Make sure you have xhosted the machine you are running it on, and the machine has python installed.
Run the compiled fish program with the -o option specified:
e.g. fish -o filename.out
Run the viewer (make sure you specify the pathname correctly): aquarium filename.out

Why does Millennium say that it cannot chdir to a directory?

The filesystem is having problems on some nodes (mm* machines).
Try restricting the set of nodes to those that work.
Which ones work? It is hard to tell until you try to run something.

REXEC_SVRS on Millennium?

No, apparently rexec was the old way of doing things and Titanium compiled with udp-* backend still relies on its methodology as it has not been updated on the Millennium machines.

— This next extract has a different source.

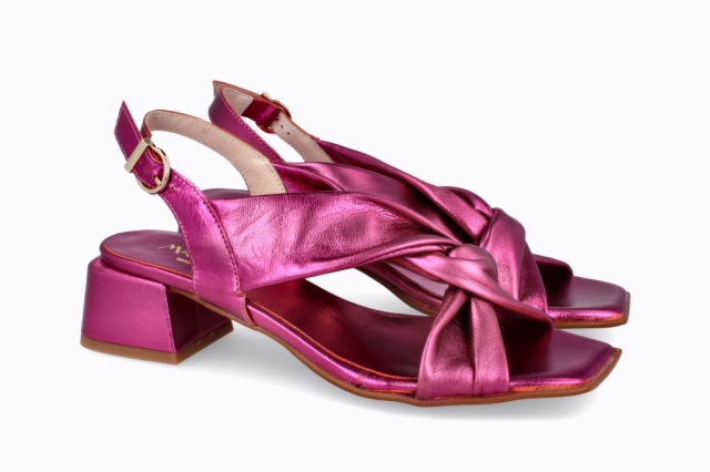 Este calzado de piel con tacón tipo sandalia para mujer en color fucsia. Tira cruzada delantera para estabilizar tu pie y cierre en la parte de atrás para mayor sujeción.

The preferred way to compile on Millennium machines is with the mpi-* backends which run gexec.

How do I limit the number of processes per node in Titanium?

setenv TI_PFORP processes/processors    -- Aaron Wemhoff pointed out this answer.

See Dan Bonachea's start page.

What if I receive loadlevel errors on Seaborg?

Try running "poe ./fish -retrycount 20".

Miscellaneous

Are there GUI profilers for Millennium like VAMPIR for Seaborg?

Unfortunately, no. VAMPIR is not set up for Millennium. If we have a copy somewhere, I am willing to configure it for Millennium.

Is there a system hook to find which exact processor on which my process is running? [ still looking ]

On Millennium, try using the sysinfo command and fetch the number of pocesses running on the processor.

Timing? It seems that clock() is not giving accurate results.

On seaborg, it seems that clock() increases the scaling of the time based on the number of threads. You will have to divide through by the number of threads to get the actual CPU time for a given thread (also with timing barriers, etc.).                                  -- José González pointed out this problem.

Did you remember to subtract of the initial value given by clock()? For processes taking longer than 72 minutes, you may have to adjust for wrap-around. You may also try switching to using the times() command which returns more of a breakdown of the time your process is taking. Note these commands return time in clock ticks -- according to POSIX, you can just divide through by 1000000. I would not recommend using wall clock time commands like gettimeofday() as these values may not reflect the actual process time.

If you still do not feel like you are getting accurate timings, send me email with the code that is giving you problems and the machine on which you are running it.